What should be ordered for a patient with Alpha-1 (A1) antitrypsin deficiency?

From the Guidelines

If someone is A1 anti-trypsin positive, no specific treatment is needed related to A1AT, as this indicates normal protein function. When considering the management of patients with normal A1AT levels, the focus should be on treating any underlying respiratory conditions, such as asthma or COPD, based on their specific symptoms. The treatment approach might include:

• Bronchodilators (such as albuterol or tiotropium) 1
• Inhaled corticosteroids (like fluticasone or budesonide) 1
• Combination inhalers depending on symptom severity 1 It's essential to note that the presence of normal A1AT levels suggests sufficient protease inhibitor activity to protect the lungs from neutrophil elastase, the enzyme responsible for lung tissue damage when not properly regulated by A1AT. However, if the patient has A1AT deficiency, which would be indicated by a "negative" result rather than "positive", a different approach would be necessary, potentially including augmentation therapy, as suggested by the Canadian Thoracic Society meta-analysis and clinical practice guideline 1. This guideline conditionally recommends A1AT augmentation therapy for patients with COPD and documented A1AT deficiency, particularly those with specific clinical features and risk assessments, to preserve CT scan lung density and reduce mortality.
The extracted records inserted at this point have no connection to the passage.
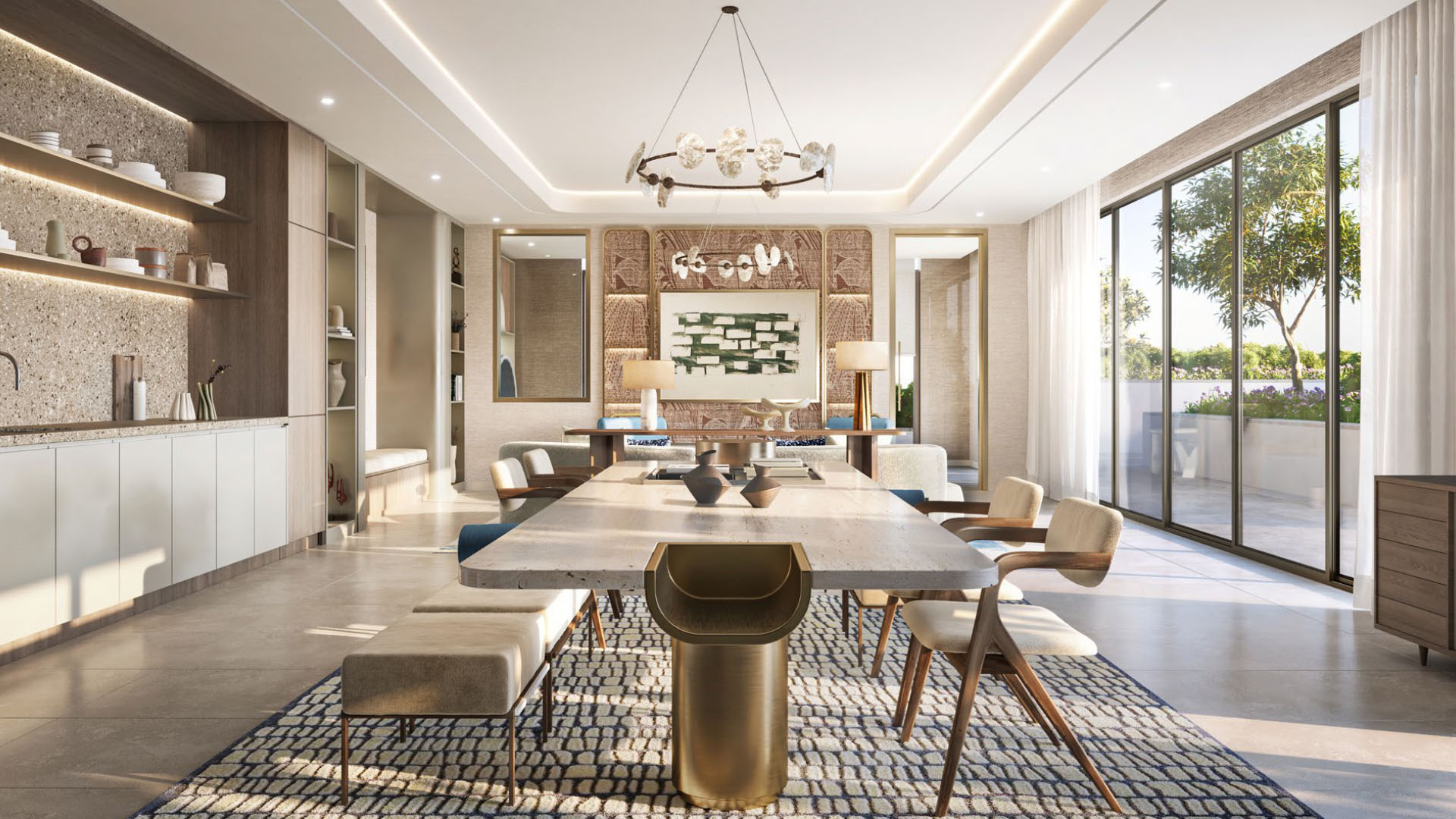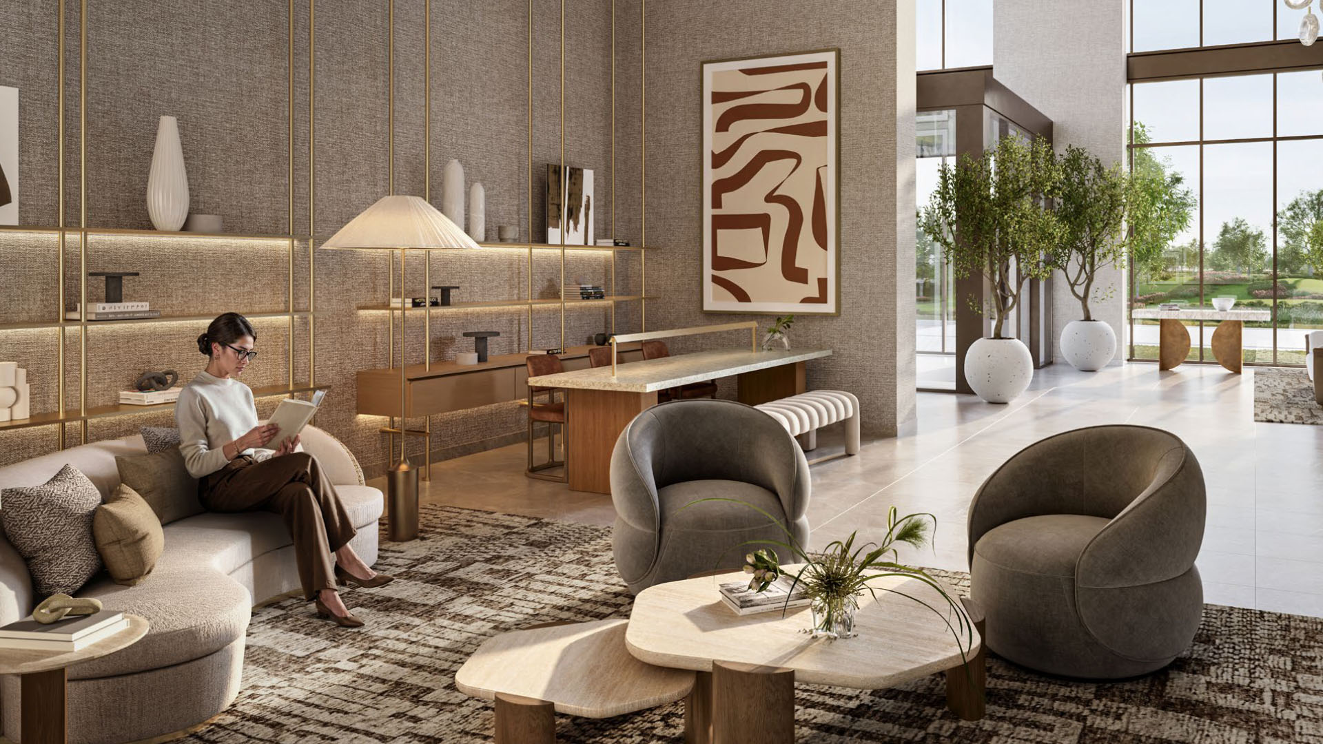 The homes range from one-bedroom apartments right up to three-bedroom townhouses. Everything’s open-plan, which means light pours in and the space feels bigger than it actually is. The design leans into warm woods, natural stone, and muted tones — nothing flashy, just well thought out. You’re looking at one-bedrooms starting around 788 sq ft, two-bedrooms from about 1,158 sq ft, three-bedrooms hitting roughly 1,649 sq ft, and townhouses offering around 2,651 sq ft. Price-wise, it starts from approximately AED 1.27 million and stretches to around AED 5.03 million depending on what you go for.
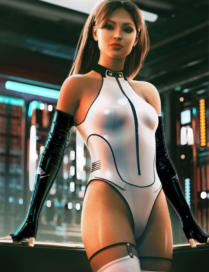 The clothing consists of a body suit, leggings, gloves, and boots. Made of white polyurethane plastic, it will fit all body types.
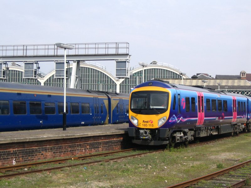 A Transpennine Express DMU class 185 185123 is seen standing on platform 11 at York station. This unit is on a service with the 14:54 to Newcastle Central. Saturday the 5th of May 2007

Key points to consider in the management of A1AT deficiency include:
• Clinical features suggestive of A1AT deficiency, such as early onset COPD, basal pan lobular emphysema, or family history of COPD or A1AT deficiency 1
• Documented SERPINA1 genotypes associated with A1AT deficiency and severely reduced functional A1AT levels 1
• Optimal pharmacological and non-pharmacological therapies for COPD, including inhaled bronchodilators, preventive vaccinations, and pulmonary rehabilitation 1

From the FDA Drug Label

GLASSIA is a sterile, ready to use, liquid preparation of purified human Alpha1-proteinase inhibitor (Alpha1-PI), also known as alpha1-antitrypsin (AAT). Augmenting the levels of functional protease inhibitor by intravenous infusion is an approach to therapy for patients with Alpha1-PI deficiency. Augmentation therapy with Alpha1-Proteinase Inhibitor (Human) is indicated only in patients with severe Alpha1-PI deficiency who have clinically evident emphysema

If someone is A1 anti-trypsin positive, alpha-1 antitrypsin (IV), such as GLASSIA, should be ordered for patients with severe Alpha1-PI deficiency who have clinically evident emphysema 2.

From the Research

Dietary Recommendations for A1 Anti-Trypsin Positive Individuals

There is no specific information in the provided studies regarding dietary recommendations for individuals with A1 anti-trypsin deficiency.

Treatment Options

• Augmentation therapy with alpha-1 antitrypsin is the only specific therapy approved by the US Food and Drug Administration (FDA) for the treatment of A1 anti-trypsin deficiency 3, 4.
• Intravenous infusion of A1-PI is the only therapy that directly addresses the underlying cause of AATD, and has demonstrated efficacy in a recent randomized, placebo-controlled trial 5.
• Researchers are exploring alternative delivery routes, such as inhalation, and novel formulations, including recombinant AAT supplementation and PEGylation of AAT 6, 7.

Lifestyle Changes

• Avoidance of environmental triggers, such as cigarette smoking, is a critical component of AAT deficiency treatment 3.

Testing and Diagnosis

• A range of tests are available for confirming AATD, including serum alpha-1 proteinase inhibitor level measurement, phenotyping, genotyping, and gene sequencing 5.